MINNEAPOLIS — Half of the positions on two key city panels that work on police accountability and oversight are vacant even as city leaders push for big changes at the Minneapolis Police Department.
On the Police Conduct Oversight Commission, made up of eight appointed, volunteer commissioners is charged with “restructuring, re-prioritizing, and reforming public safety” according to it’s website.
The watchdog panel is also responsible for helping formulate best practices and policy and auditing discipline.
And yet, a time when city leaders from the mayor to the city council president are calling for a major overhaul of MPD, four of the seats on the PCOC are empty. Two are to be appointed by Mayor Jacob Frey and two by the Council.
Commissioner Abigail Cerra says the lack of staffing both on the commission and in the Department of Civil Rights, which houses the Office of Police Conduct Review (OPCR) makes it hard to fulfill their mission.
“The vacancies within the civil rights department itself make it difficult to do this oversight work,” she told KARE 11 Investigates.
For instance, she says, no researcher is available to help them assess issues of police training and restraint policies.
On the Police Conduct Review Panel, there are also four vacancies out of nine slots. Again, they should be filled by the mayor and city council. The panel works with police supervisors to review complaints against officers.
KARE 11 asked Mayor Frey why the city hasn’t taken the basic step of filling the roles set up for MPD accountability.

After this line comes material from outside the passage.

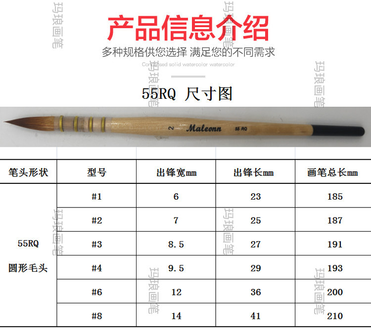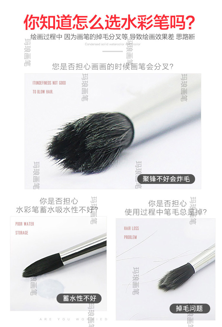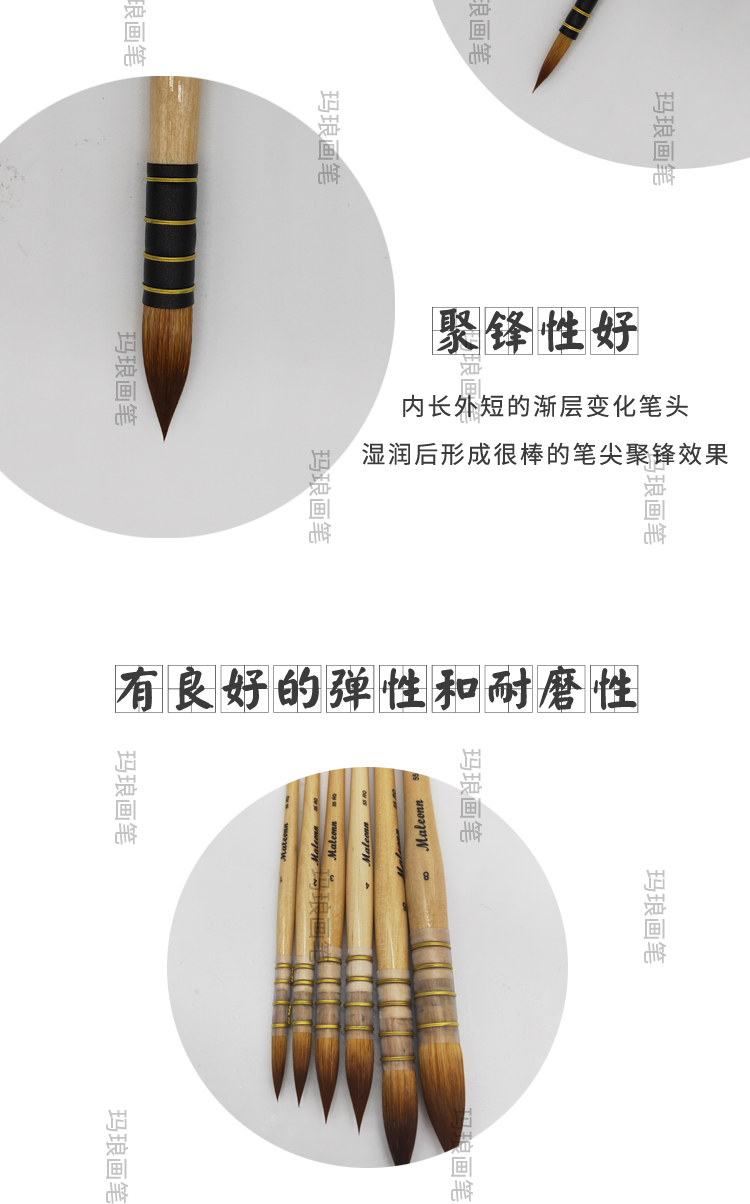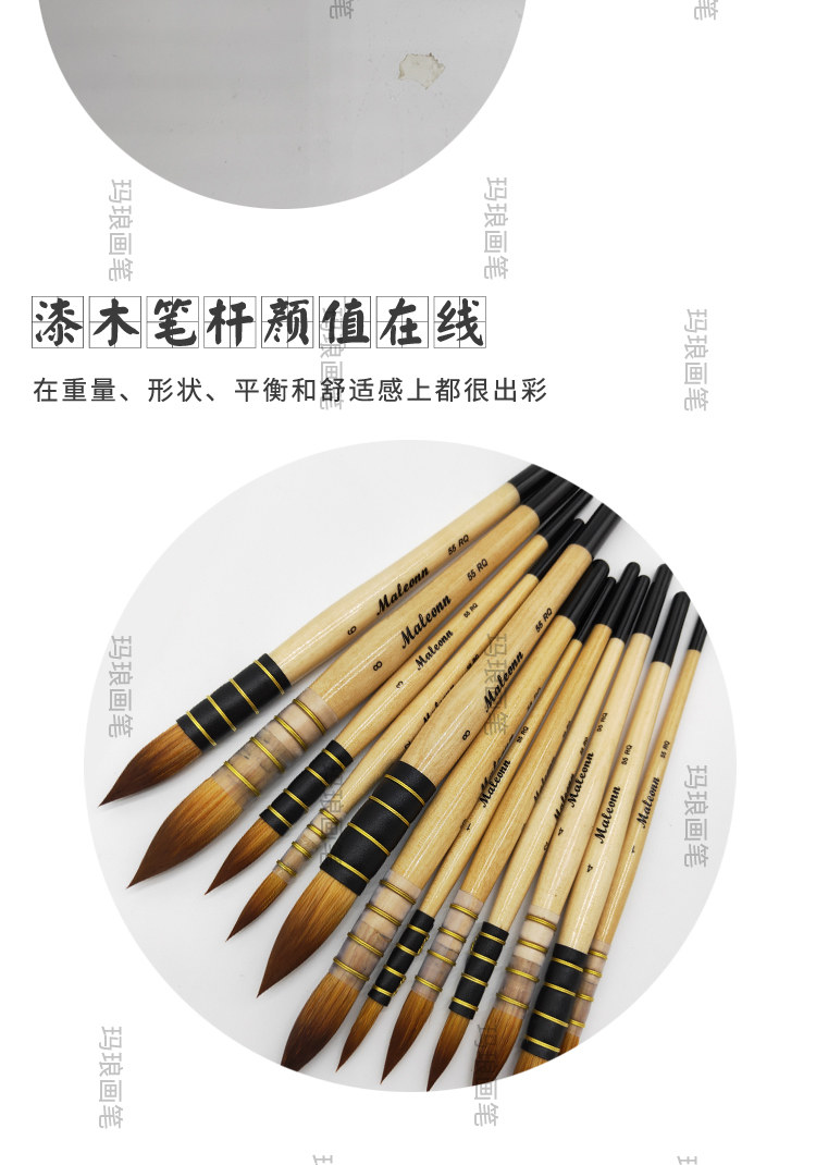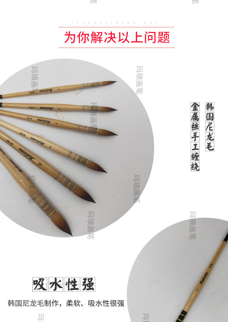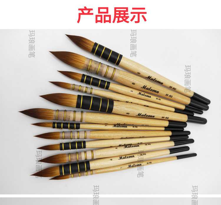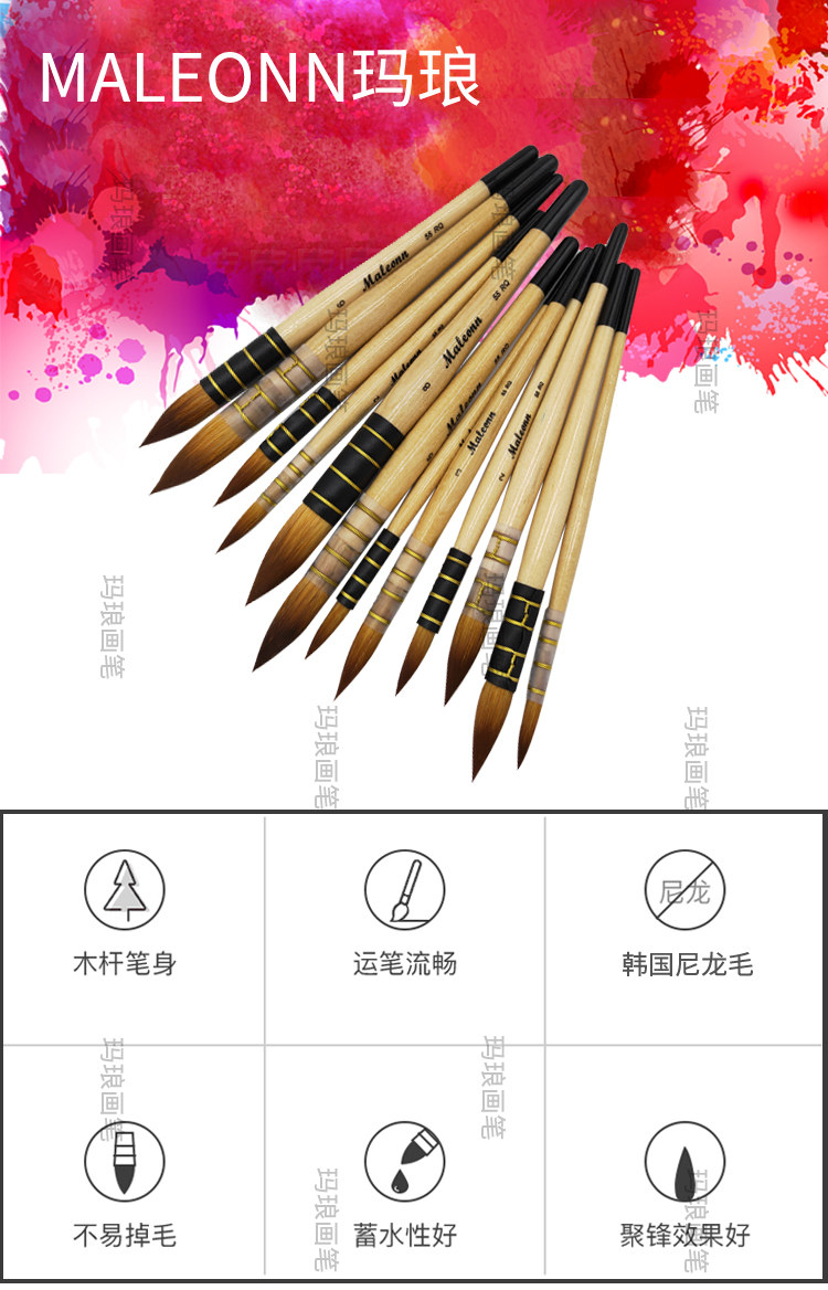 MALEONN conjunto de pinceles de acuarela principiante pintado a mano cabeza redonda nylon negro blanco amarillo cepillo de grasa cepillo fregona
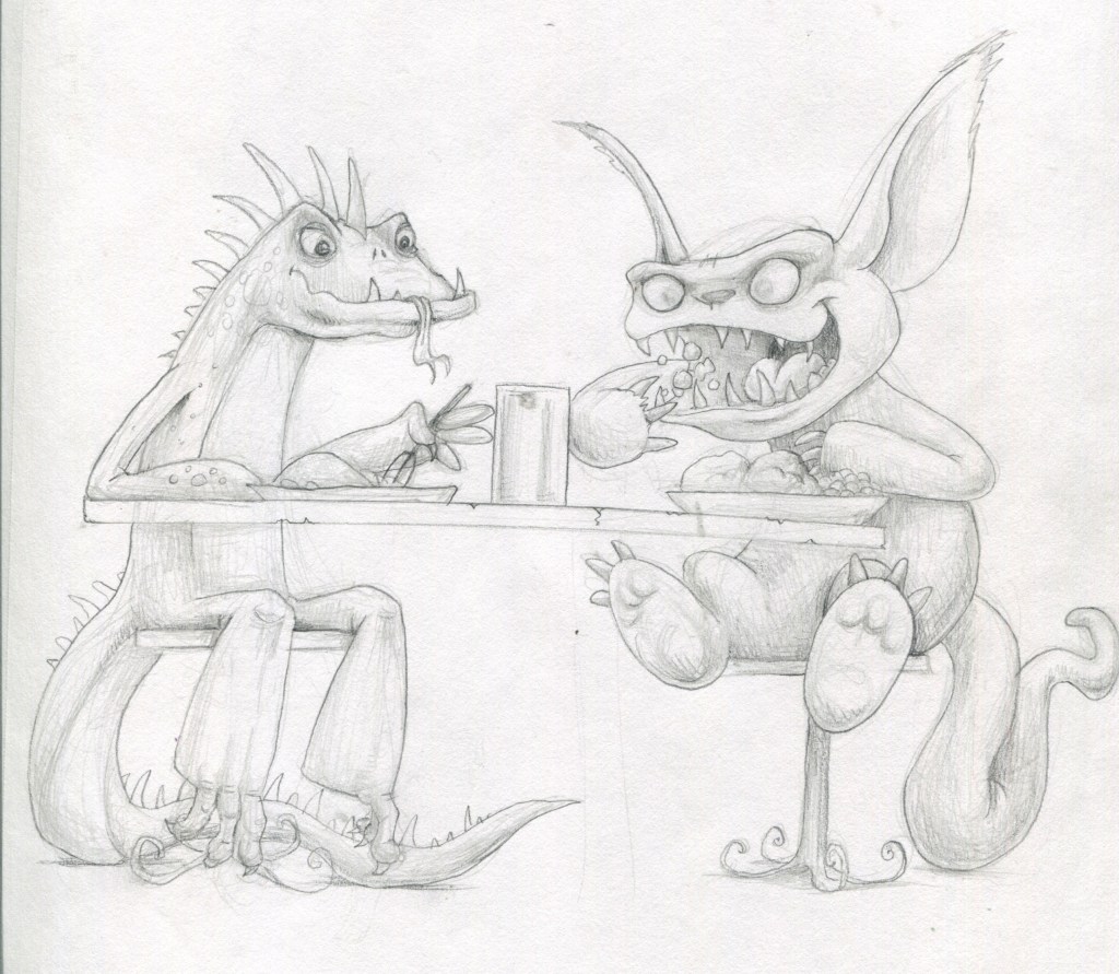 Little Monsters Having Dinner December 2, 2023 ~ C. Spliedt ~ Leave a comment From the sketchbook. Share this: Click to share on X (Opens in new window) X Click to share on Facebook (Opens in new window) Facebook Click to share on Tumblr (Opens in new window) Tumblr Like Loading...

The mayor says they were hit with a wave of resignations earlier in the year and are working to fill the spots now.
“This pandemic has affected all areas of hiring and recruitment and these boards are no different,” he said. “We underwent a hiring process and recruitment process earlier this year and just did not get the pool of candidates we were looking for.” Frey encouraged citizens to apply.
Council President Lisa Bender didn’t respond to KARE 11’s questions and referred us to a spokesperson for the Department of Civil Rights.
As for paid staff, the OPCR has just two intake investigators to handle more than 600 complaints against officers per year. One of those positions is currently unfilled – and remains that way because of a city hiring freeze.
Frey said he couldn’t commit to more staffing but when asked if the OPCR is staffed robustly enough to do its job, he told KARE 11 it is getting done.
“Minneapolis unlike most other cities in this country has an entire civil rights department that is devoted to this important work,” Frey said.